- Interactive map of Beloye More
- Beloye More Location of Beloye More Beloye More Beloye More (Murmansk Oblast)
- Coordinates: 67°05′N 32°15′E﻿ / ﻿67.083°N 32.250°E
- Country: Russia
- Federal subject: Murmansk Oblast
- Administrative district: Kandalakshsky District
- Territorial OkrugSelsoviet: Belomorsky Territorial Okrug
- Founded: 1969

Population (2010 Census)
- • Total: 660
- • Estimate (2021): 437 (−33.8%)

Municipal status
- • Municipal district: Kandalakshsky Municipal District
- • Urban settlement: Kandalaksha Urban Settlement
- Time zone: UTC+3 (MSK )
- Postal code: 184030
- Dialing code: +7 81533
- OKTMO ID: 47608101126

= Beloye More (rural locality) =

Beloye More (Бе́лое Мо́ре) is a rural locality (an inhabited locality) in Kandalakshsky District of Murmansk Oblast, Russia, located beyond the Arctic Circle at a height of 17 m above sea level. As of the 2010 census, the settlement had 660 inhabitants.

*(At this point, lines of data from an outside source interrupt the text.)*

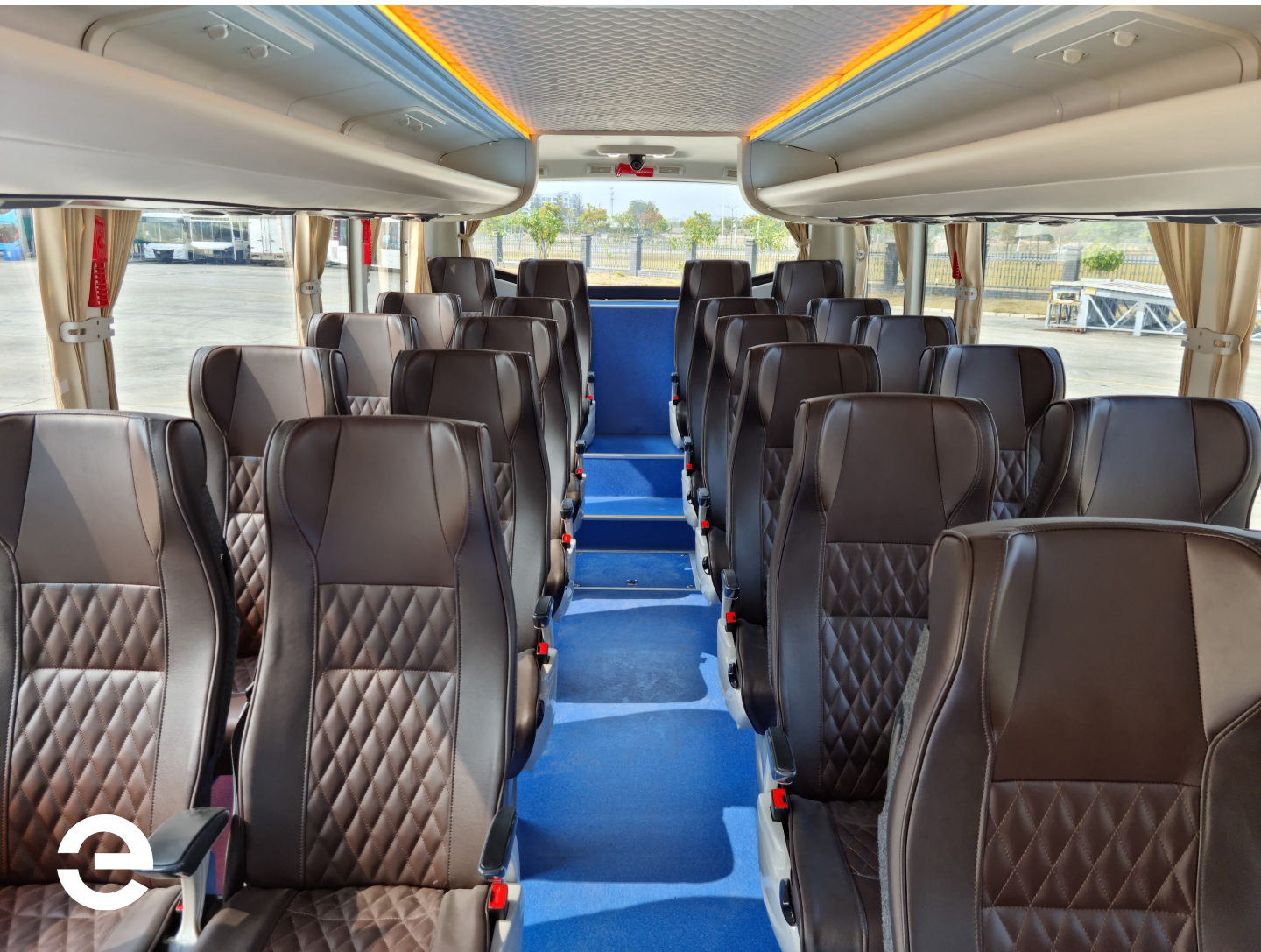
Interior, coastline design concept, rear view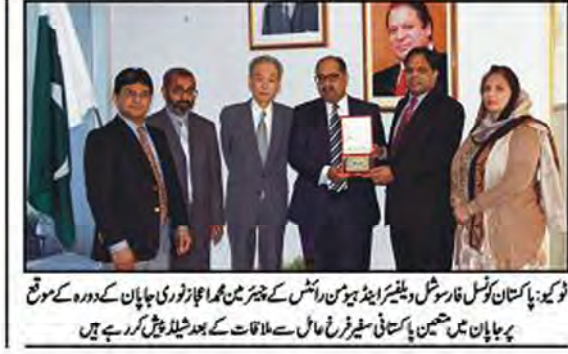
ٹوکیو: پاکستان کونسل فار سوشل ویلفیئر اینڈ ہیومن رائٹس کے چیئر مین ہمارا چانزٹوری جاپان کے دورہ کے موقع پر جاپان میں صحیحین پاکستانی سفیر فرخ عالم سے ملاقات کے بعد شیلڈ پیش کر رہے ہیں

پاکستان عالمی امن کے لیے اپنا کردار ادا کرتا رہے گا فرخ عالم نیروٹھی سے جیت کر دی اور اپنی پستی کے لیے اپنا کردار ادا کرتا رہے گا فرخ عالم پاکستان کے لیے دنیا میں امن کے لیے اپنا کردار ادا کرتا رہے گا فرخ عالم پاکستان کے لیے دنیا میں امن کے لیے اپنا کردار ادا کرتا رہے گا فرخ عالم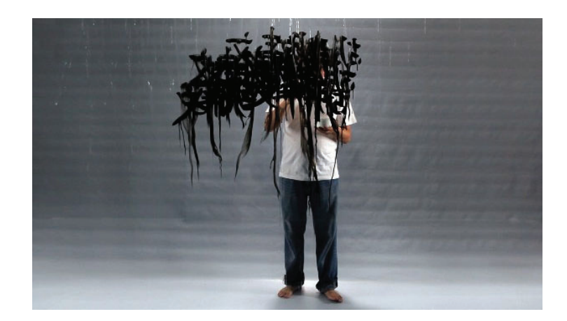
Figure 6. Writing in the Rain (2011), video performance exhibited in conjunction with works by the In Memory of a Name consortium, 4A Centre for Contemporart Asian Art

The background to Harsono's practice, and in particular this work, formed the jumping off point for our curatorium to explore the context of naming, name change, discrimination and power in the Australian context. After the contextual introductions, we began by talking about our own names. Where are our names from; what do they mean; how have they changed and why? What broader issues about name change can we identify from our own experiences?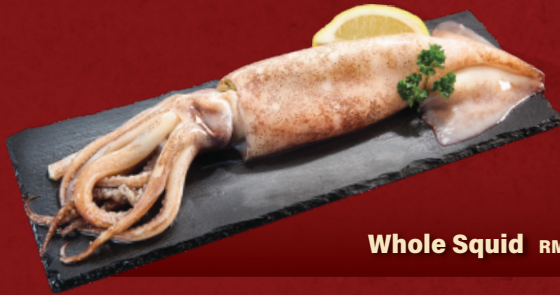
Whole Squid RM 18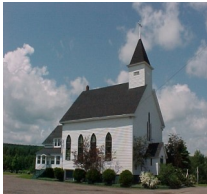
Saint Lawrence O'Toole 2340 Route 115 Irishtown, NB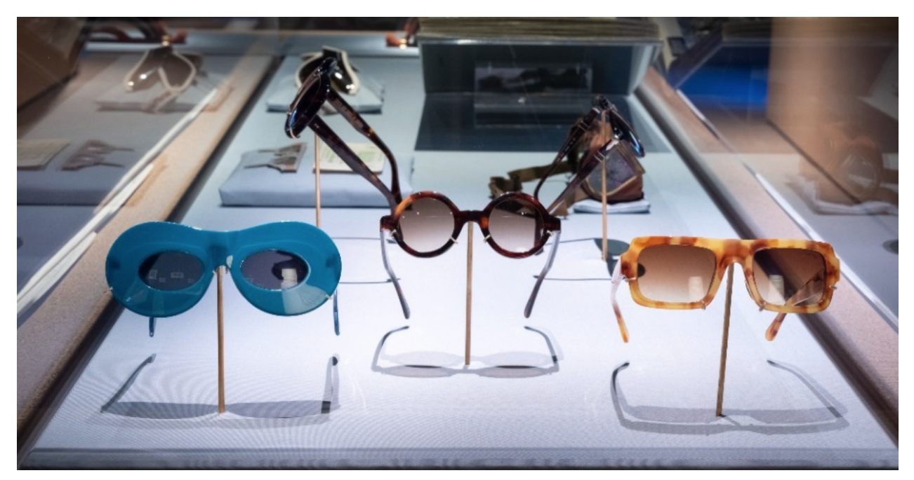
Image: GB. London. Wellcome Collection. In Plain Sight exhibition. 2022. CC BY-NC

#FLODown: In Plain Sight explores the different ways we see and are seen by others. It questions the central place that sight holds in human society through the different experiences of sighted, partially sighted and blind people. In the UK, more than 2 million people live with sight loss and 69% of the population wear corrective eyewear or have had laser eye surgery, according to figures from the NHS. The exhibition will feature eyewear from the 1600s to the present day, reflecting on evolving design innovations and style, as well as contemporary artworks and commissions, and historical and scientific material investigating visual perception. Location: 183 Euston Road, NW1 2BE.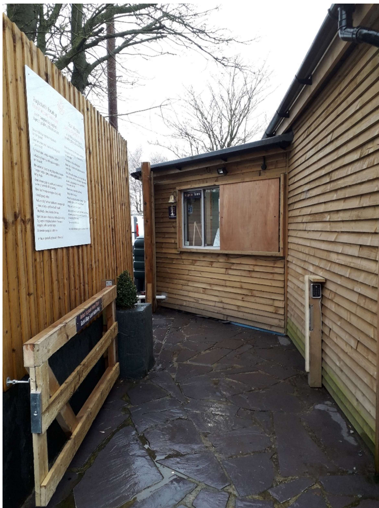
Gate entrance to Model Village from Ticket Office window

Beloye More was established in 1969. It was officially registered in 1971 and replaced the village of Kandalaksha (distinct from the town) as the center of a selsoviet. At the same time, the older railway settlement of Beloye more[sic], established sometime before 1938, was merged into the new settlement. At the time of its establishment, the selsoviet also included the settlements of Fedoseyevka, Kirki, Kolvitsa, Luvenga, Neblagorsky, Palkina Guba, Pinozero, Plesozero, Prolivy, Ruchyi and Zhemchuzhnaya.

The Vitino oil port is located in Beloye More.